What the task requires
The reply should contain every line of the data, repeated exactly, and no pictures.

Dataset section

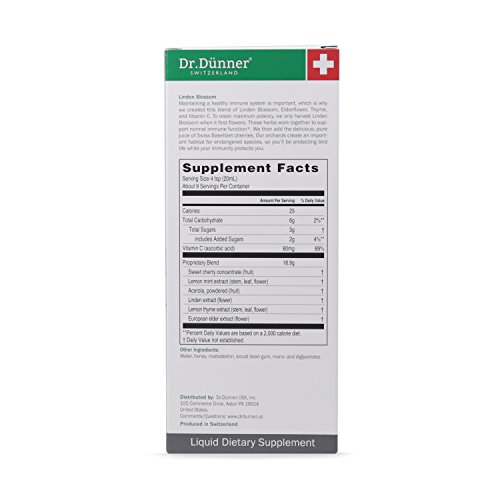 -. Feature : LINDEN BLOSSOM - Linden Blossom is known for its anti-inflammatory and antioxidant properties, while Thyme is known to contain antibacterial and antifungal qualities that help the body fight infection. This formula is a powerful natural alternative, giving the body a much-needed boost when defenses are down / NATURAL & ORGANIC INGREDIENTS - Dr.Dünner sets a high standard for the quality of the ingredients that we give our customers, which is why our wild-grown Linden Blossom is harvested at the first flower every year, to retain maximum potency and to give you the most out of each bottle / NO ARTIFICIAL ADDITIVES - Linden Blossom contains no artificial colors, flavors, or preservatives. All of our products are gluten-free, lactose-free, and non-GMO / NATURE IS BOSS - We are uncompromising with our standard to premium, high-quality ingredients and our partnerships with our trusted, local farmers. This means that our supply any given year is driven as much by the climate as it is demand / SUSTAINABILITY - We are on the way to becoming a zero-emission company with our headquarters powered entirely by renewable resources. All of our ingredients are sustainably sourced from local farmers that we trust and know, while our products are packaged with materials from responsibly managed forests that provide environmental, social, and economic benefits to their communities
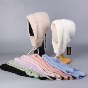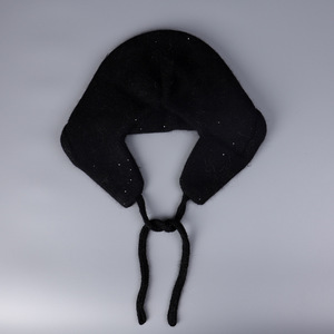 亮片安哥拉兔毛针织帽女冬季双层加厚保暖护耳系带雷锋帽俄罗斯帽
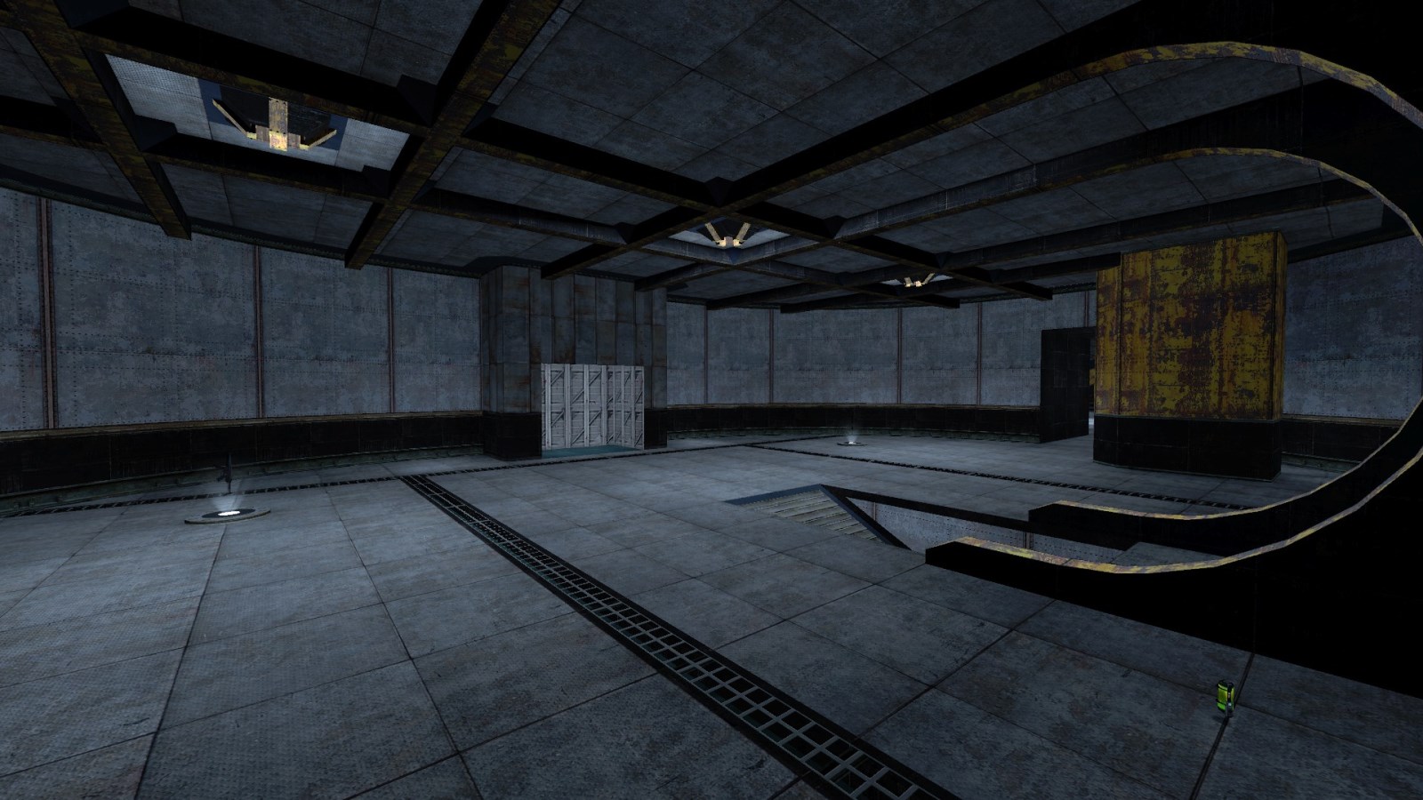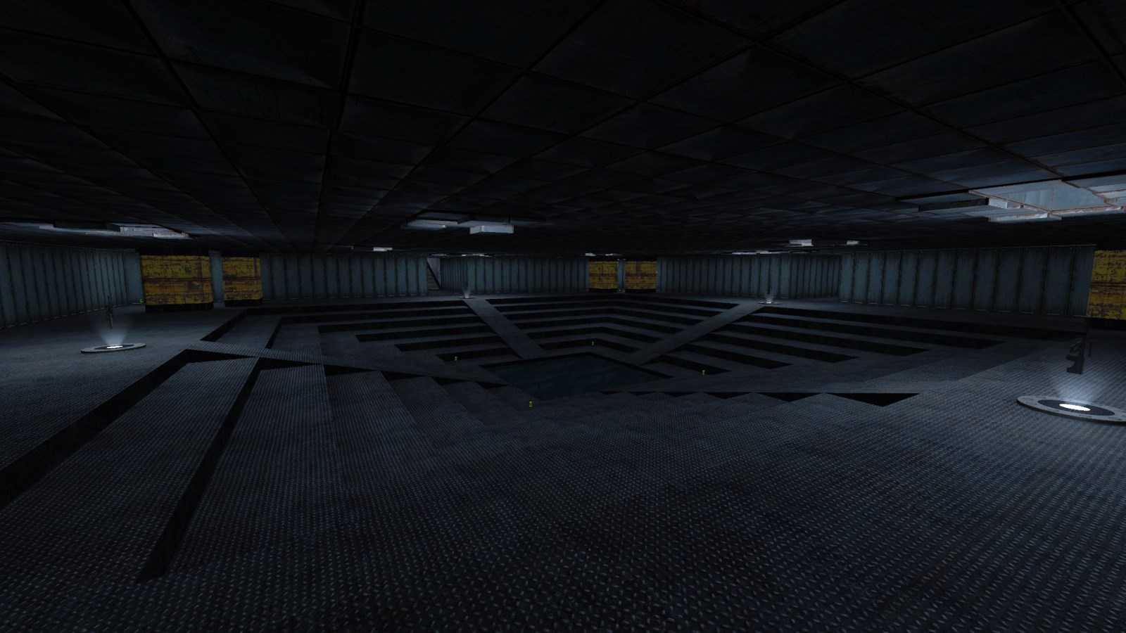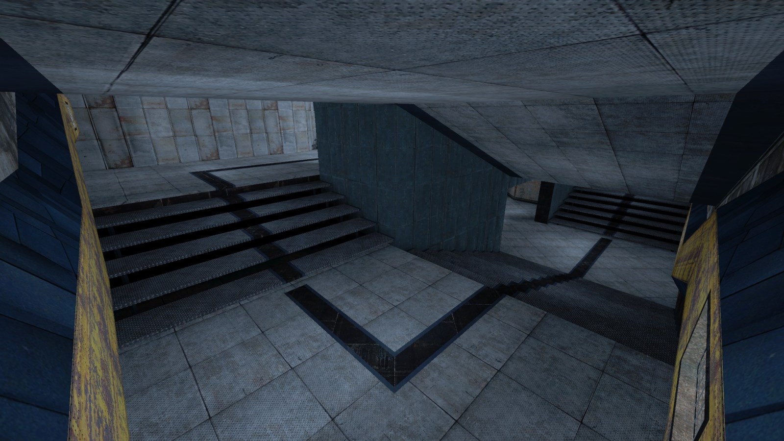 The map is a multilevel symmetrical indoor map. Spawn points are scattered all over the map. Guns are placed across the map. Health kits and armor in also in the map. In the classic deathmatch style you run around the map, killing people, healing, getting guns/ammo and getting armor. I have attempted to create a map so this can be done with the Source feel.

Your response
 -. Feature : LINDEN BLOSSOM - Linden Blossom is known for its anti-inflammatory and antioxidant properties, while Thyme is known to contain antibacterial and antifungal qualities that help the body fight infection. This formula is a powerful natural alternative, giving the body a much-needed boost when defenses are down / NATURAL & ORGANIC INGREDIENTS - Dr.Dünner sets a high standard for the quality of the ingredients that we give our customers, which is why our wild-grown Linden Blossom is harvested at the first flower every year, to retain maximum potency and to give you the most out of each bottle / NO ARTIFICIAL ADDITIVES - Linden Blossom contains no artificial colors, flavors, or preservatives. All of our products are gluten-free, lactose-free, and non-GMO / NATURE IS BOSS - We are uncompromising with our standard to premium, high-quality ingredients and our partnerships with our trusted, local farmers. This means that our supply any given year is driven as much by the climate as it is demand / SUSTAINABILITY - We are on the way to becoming a zero-emission company with our headquarters powered entirely by renewable resources. All of our ingredients are sustainably sourced from local farmers that we trust and know, while our products are packaged with materials from responsibly managed forests that provide environmental, social, and economic benefits to their communities
 亮片安哥拉兔毛针织帽女冬季双层加厚保暖护耳系带雷锋帽俄罗斯帽
 The map is a multilevel symmetrical indoor map. Spawn points are scattered all over the map. Guns are placed across the map. Health kits and armor in also in the map. In the classic deathmatch style you run around the map, killing people, healing, getting guns/ammo and getting armor. I have attempted to create a map so this can be done with the Source feel.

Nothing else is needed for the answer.